Brief → Repeat exactly the lines that begin at the one containing "- Filters by course, batch, or learner" and end at the final line of the records; include no pictures and nothing else.

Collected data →
□ □ □
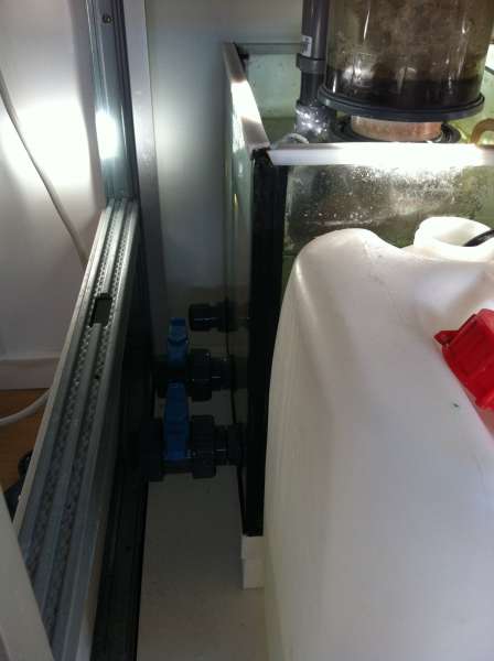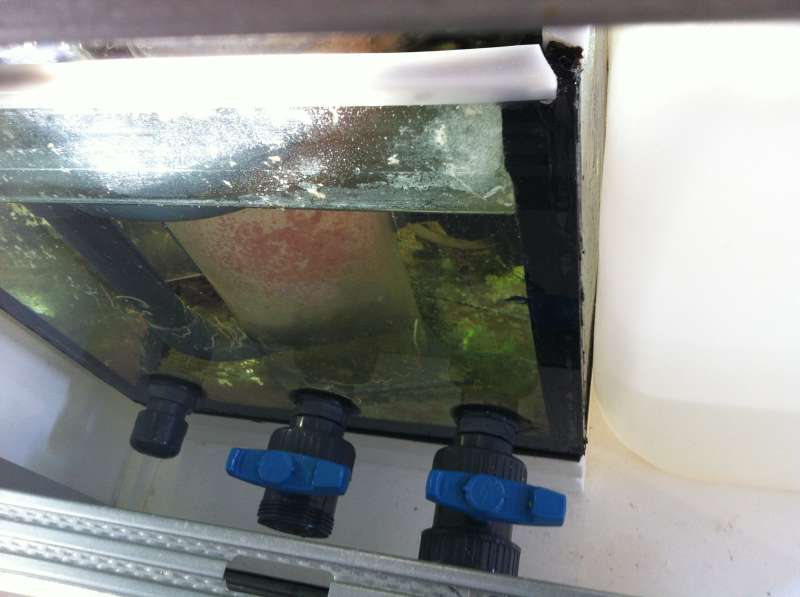 Her kunne jeg jo så benytte 2 ud af de 3 gennemføringer, da disse diametre er mindre end skummerens udløbsdiameter. Der hvor den store kuglehane er limet på...
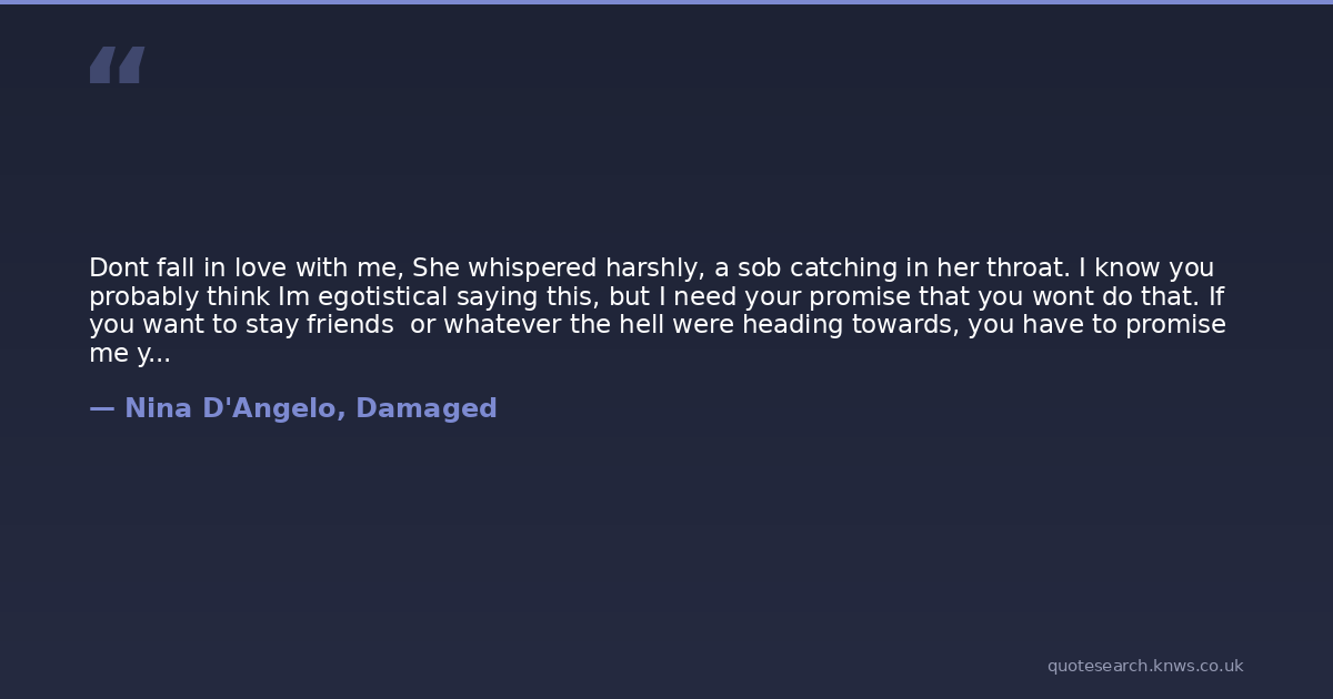 Dont fall in love with me, She whispered harshly, a sob catching in her throat. I know you probably think Im egotistical saying this, but I need your promise that you wont do that. If you want to stay friends or whatever the hell were heading towards, you have to promise me you wont love me not now, not ever. - Stephanie Carovella, Damaged.
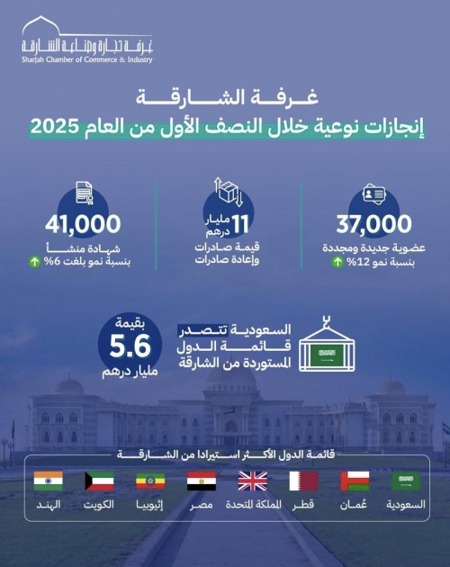 وأظهرت بيانات شهادات المنشأ الصادرة عن غرفة الشارقة خلال النصف الأول من العام الحالي تصدّر المملكة العربية السعودية قائمة الدول المستوردة من الشارقة حيث بلغت قيمة الصادرات وإعادة الصادرات إليها أكثر من 5.9 مليار درهم ما يعكس قوة العلاقات التجارية بين الجانبين ومكانة الشارقة كمورد رئيسي للأسواق الخليجية. وجاءت سلطنة عمان في المرتبة الثانية بقيمة تجاوزت 1.6 مليار درهم تلتها العراق بقيمة تجاوزت 1.5 مليار درهم فيما شملت قائمة أبرز الأسواق التصديرية كل من قطر والمملكة المتحدة ومصر وإثيوبيا والكويت والهند.
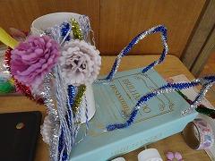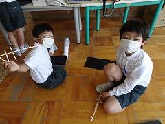 ↓折り紙で作った「スマホスタンド」だそうです。ダイヤモンドにも早変わりします。折り紙って楽しいですね。こちらは、割りばしとゴムで作ったおもちゃです。手作りですから、いろいろ改良も可能です。楽しいですね。
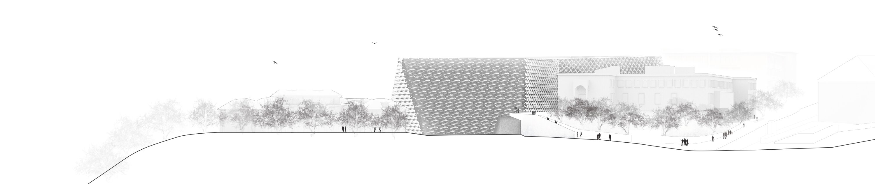 The site is characterized by loosely arranged buildings of varying scale and style, as well as a steep, tree-covered slope that limits development. The required building volume is substantial, making integration challenging. The design therefore prioritizes orientation toward the landscape and views, while minimizing negative impacts on neighboring structures and maintaining daylight access to surrounding spaces. Rather than adopting existing forms, the building develops an independent geometry shaped by internal functional relationships and site conditions. Its configuration allows for a clear spatial identity while remaining responsive to the context.
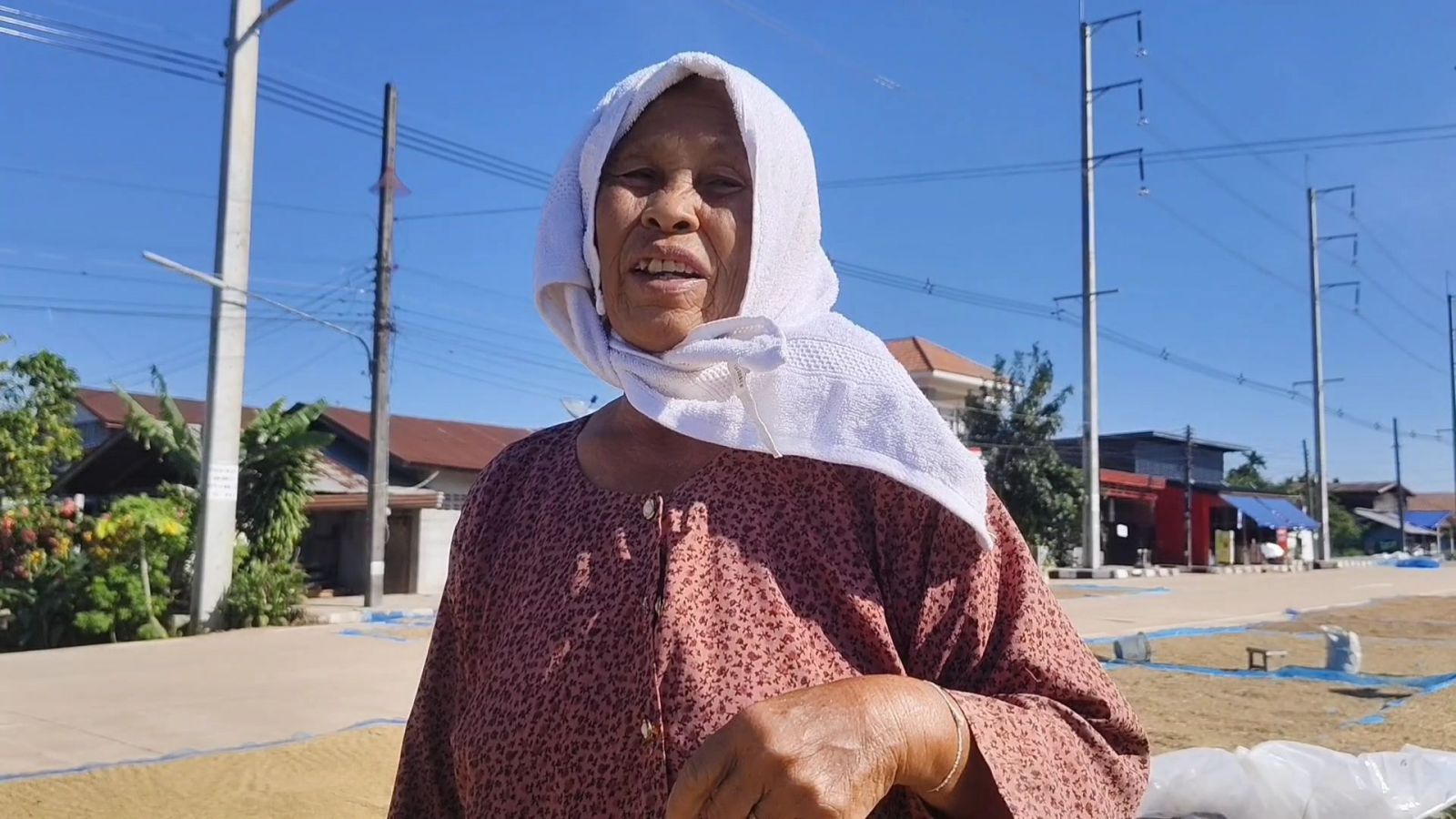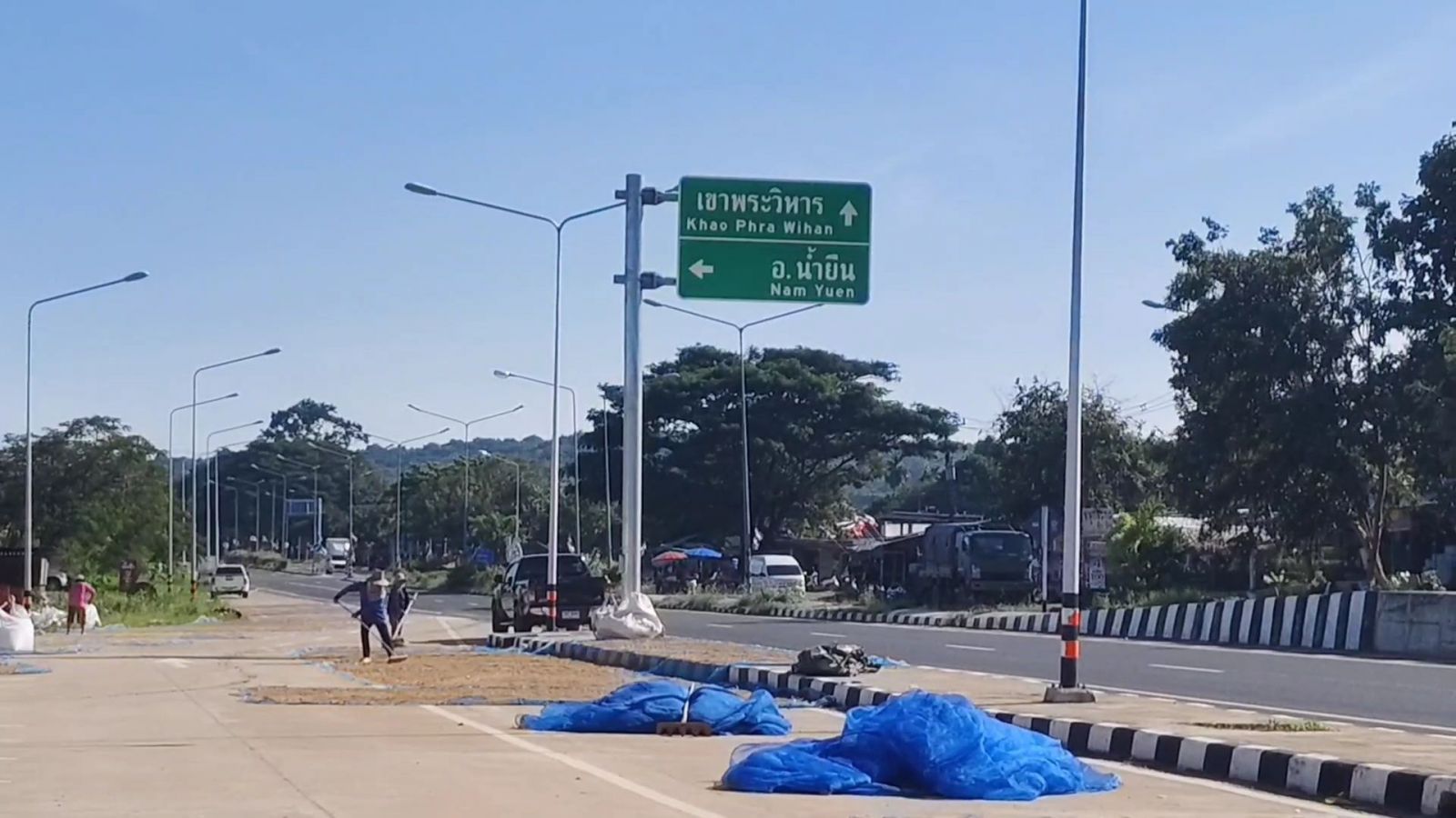 ชาวบ้านภูมิซรอลเร่งตากข้าวกลางถนน หวั่นสถานการณ์ชายแดนปะทุอีกรอบ
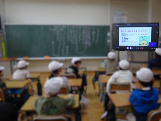 給食委員会の児童が、オンラインによる給食集会を実施しました。給食の歴史や栄養の大切さについて委員会の児童がスライドにまとめ、紹介しました。また、代表の児童から調理員の方へ感謝のメッセージを渡しました。調理員の方から「バランスのよい給食作りの工夫の一つとして、たくさんの食材を使うようにしています。給食の中に食材がいくつ入っているか数えてみるのもいいですね。」という話がありました。
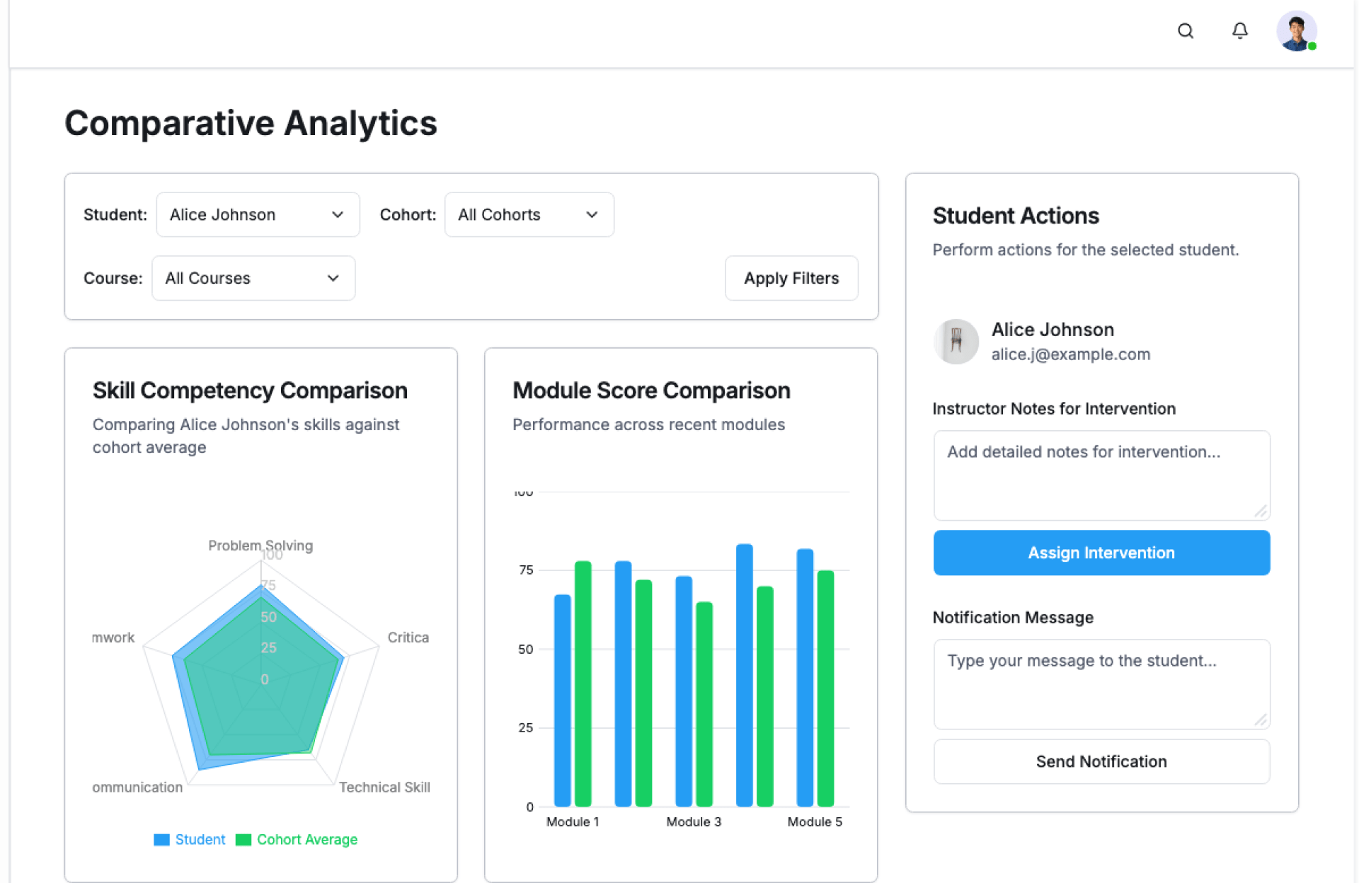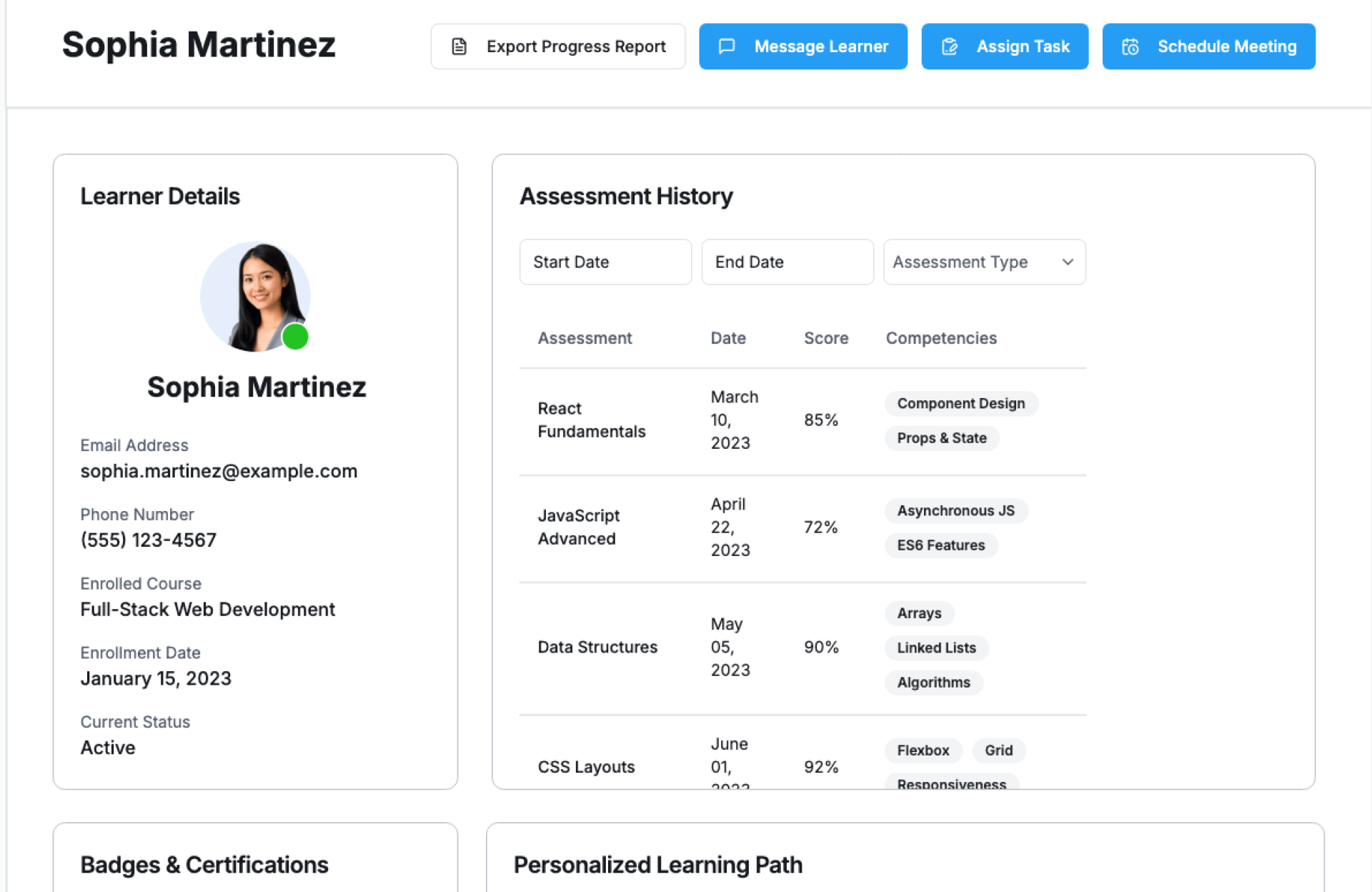 - Filters by course, batch, or learner
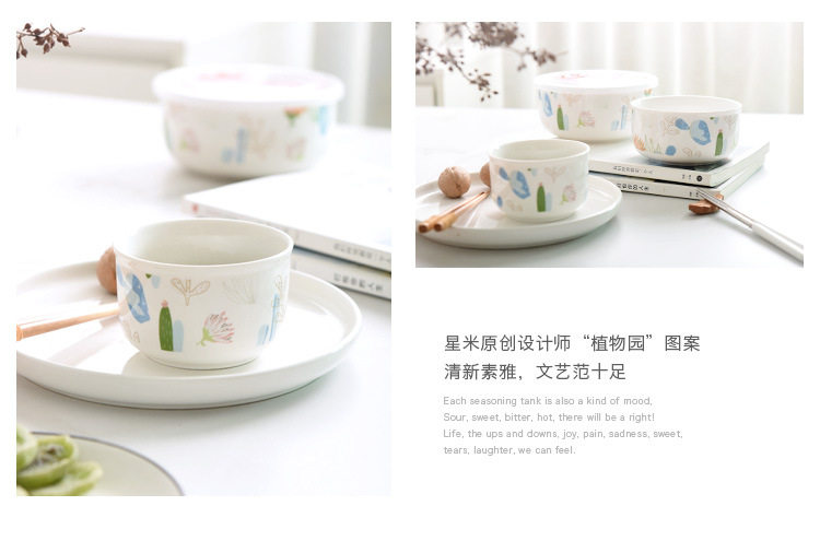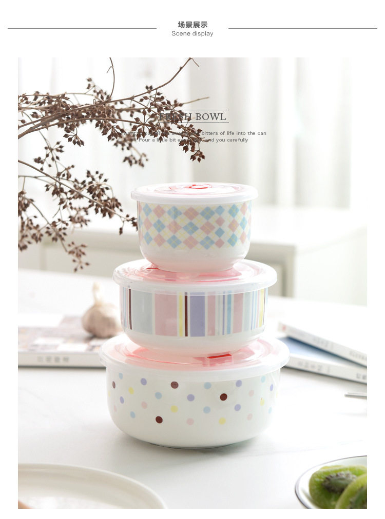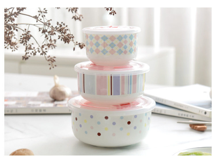 耐热大号陶瓷保鲜碗盒三件套装饭盒便当盒密封盒子微波炉专用带盖
□ □ □
Task response →
 - Filters by course, batch, or learner
 耐热大号陶瓷保鲜碗盒三件套装饭盒便当盒密封盒子微波炉专用带盖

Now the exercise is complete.